#### [SUPPLIED RECORDS]
* * * *

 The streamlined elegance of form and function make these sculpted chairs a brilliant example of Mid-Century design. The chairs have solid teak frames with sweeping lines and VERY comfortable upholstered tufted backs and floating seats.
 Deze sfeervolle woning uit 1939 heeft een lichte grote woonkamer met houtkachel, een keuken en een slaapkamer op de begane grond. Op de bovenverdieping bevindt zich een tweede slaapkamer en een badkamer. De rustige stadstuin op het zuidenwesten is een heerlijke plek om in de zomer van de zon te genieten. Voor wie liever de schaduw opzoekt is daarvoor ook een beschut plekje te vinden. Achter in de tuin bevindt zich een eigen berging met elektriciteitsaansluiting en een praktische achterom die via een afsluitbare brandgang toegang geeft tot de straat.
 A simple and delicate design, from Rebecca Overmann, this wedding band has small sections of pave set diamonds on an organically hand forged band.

* * * *

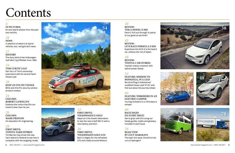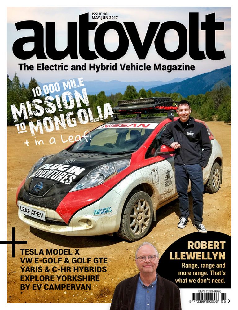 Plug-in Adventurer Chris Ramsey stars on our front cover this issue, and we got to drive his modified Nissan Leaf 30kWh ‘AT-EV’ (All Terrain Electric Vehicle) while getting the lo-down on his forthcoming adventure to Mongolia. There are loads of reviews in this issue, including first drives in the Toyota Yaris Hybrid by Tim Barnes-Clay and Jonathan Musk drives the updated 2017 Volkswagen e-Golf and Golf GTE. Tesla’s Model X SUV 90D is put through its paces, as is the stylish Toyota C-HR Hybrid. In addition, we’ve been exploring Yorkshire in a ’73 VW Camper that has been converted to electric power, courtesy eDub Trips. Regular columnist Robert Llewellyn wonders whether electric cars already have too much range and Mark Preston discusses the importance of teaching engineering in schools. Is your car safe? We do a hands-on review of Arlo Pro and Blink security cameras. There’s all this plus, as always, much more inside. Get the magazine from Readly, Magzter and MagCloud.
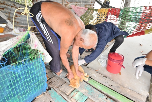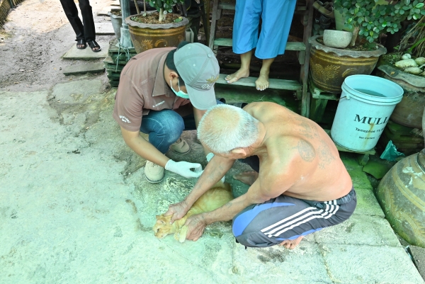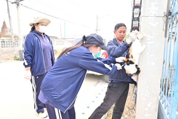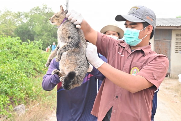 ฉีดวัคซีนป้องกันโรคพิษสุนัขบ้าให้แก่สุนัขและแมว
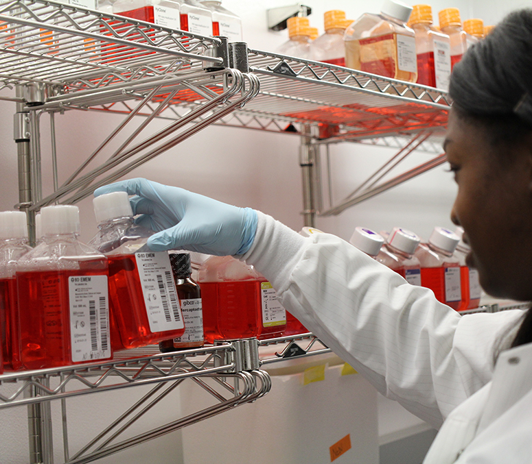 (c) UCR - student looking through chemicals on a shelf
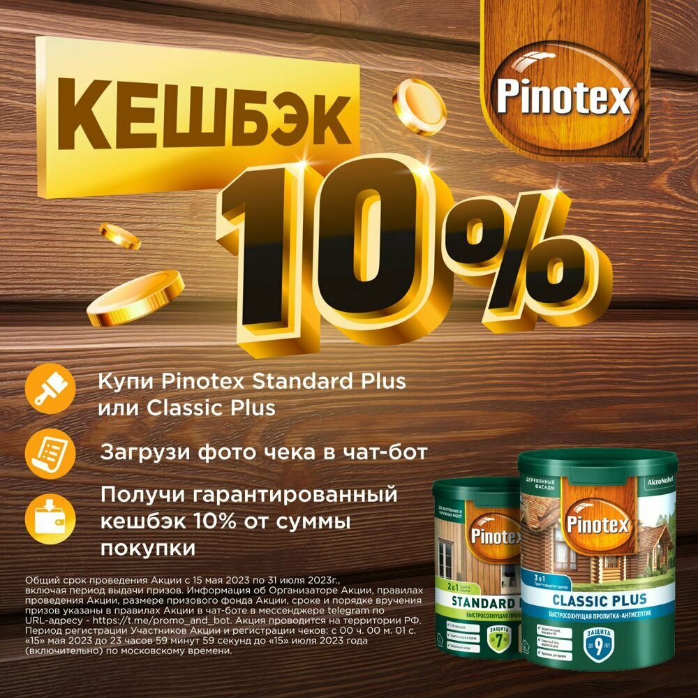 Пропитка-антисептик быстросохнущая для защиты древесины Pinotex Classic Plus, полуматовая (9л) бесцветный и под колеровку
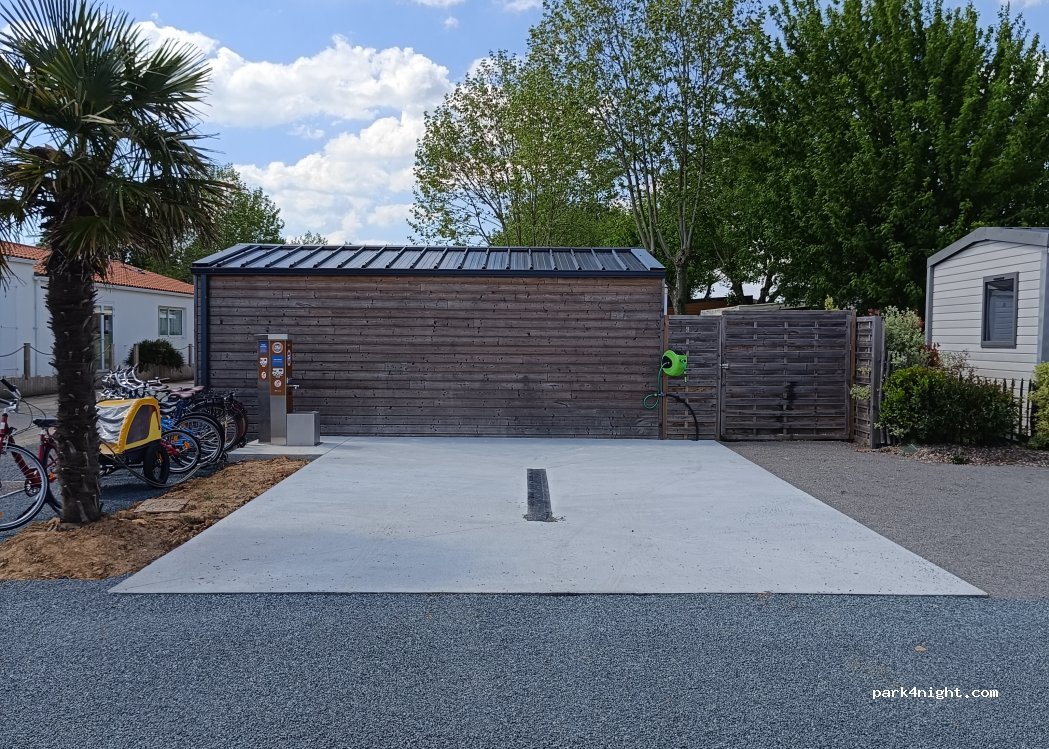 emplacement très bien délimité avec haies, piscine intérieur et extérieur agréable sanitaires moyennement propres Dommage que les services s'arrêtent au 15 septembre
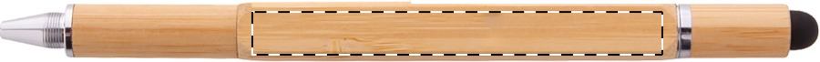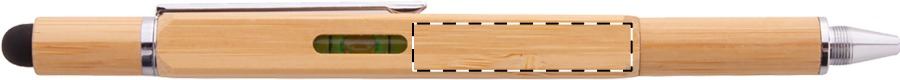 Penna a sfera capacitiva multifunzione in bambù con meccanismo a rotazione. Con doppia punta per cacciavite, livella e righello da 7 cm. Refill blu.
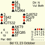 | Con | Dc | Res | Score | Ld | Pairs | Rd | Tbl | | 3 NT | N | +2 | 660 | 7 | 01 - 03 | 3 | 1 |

* * * *

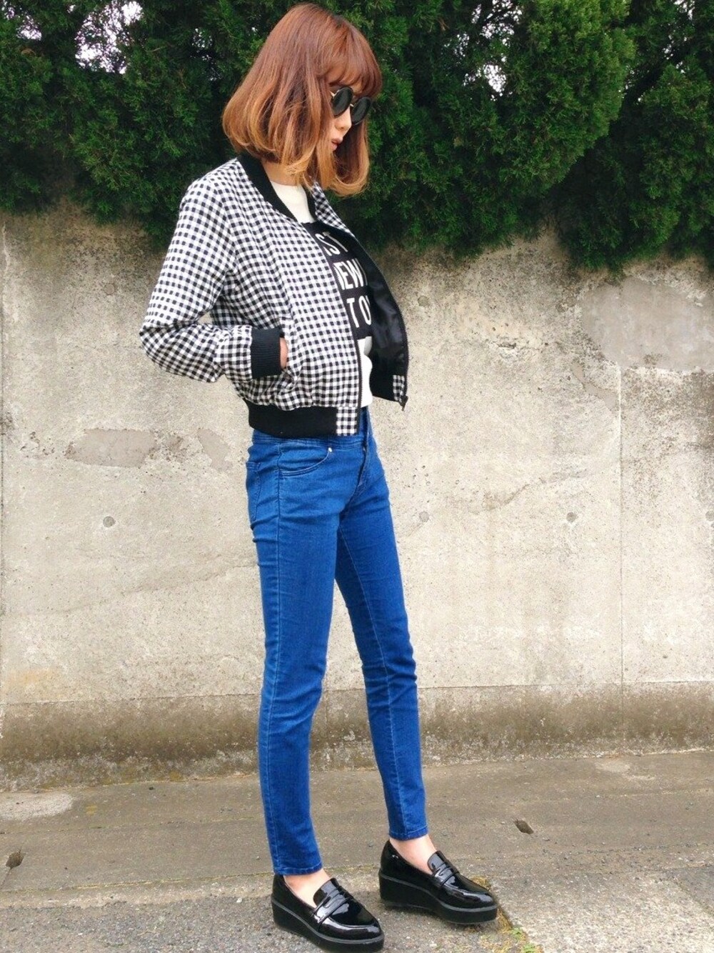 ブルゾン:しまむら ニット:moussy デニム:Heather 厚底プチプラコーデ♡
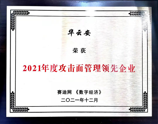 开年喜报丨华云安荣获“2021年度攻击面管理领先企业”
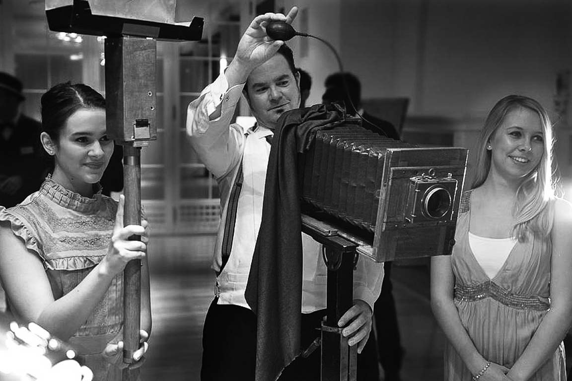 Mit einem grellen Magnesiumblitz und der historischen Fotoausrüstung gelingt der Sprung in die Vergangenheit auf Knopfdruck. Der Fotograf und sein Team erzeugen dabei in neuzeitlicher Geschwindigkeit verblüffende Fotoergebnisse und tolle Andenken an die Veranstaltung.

* * * *

#### [WHAT YOU ARE ASKED TO DO]
When a line in the records contains the string "design", it counts; state how many lines count, with no other words.

#### [YOUR SOLUTION]
2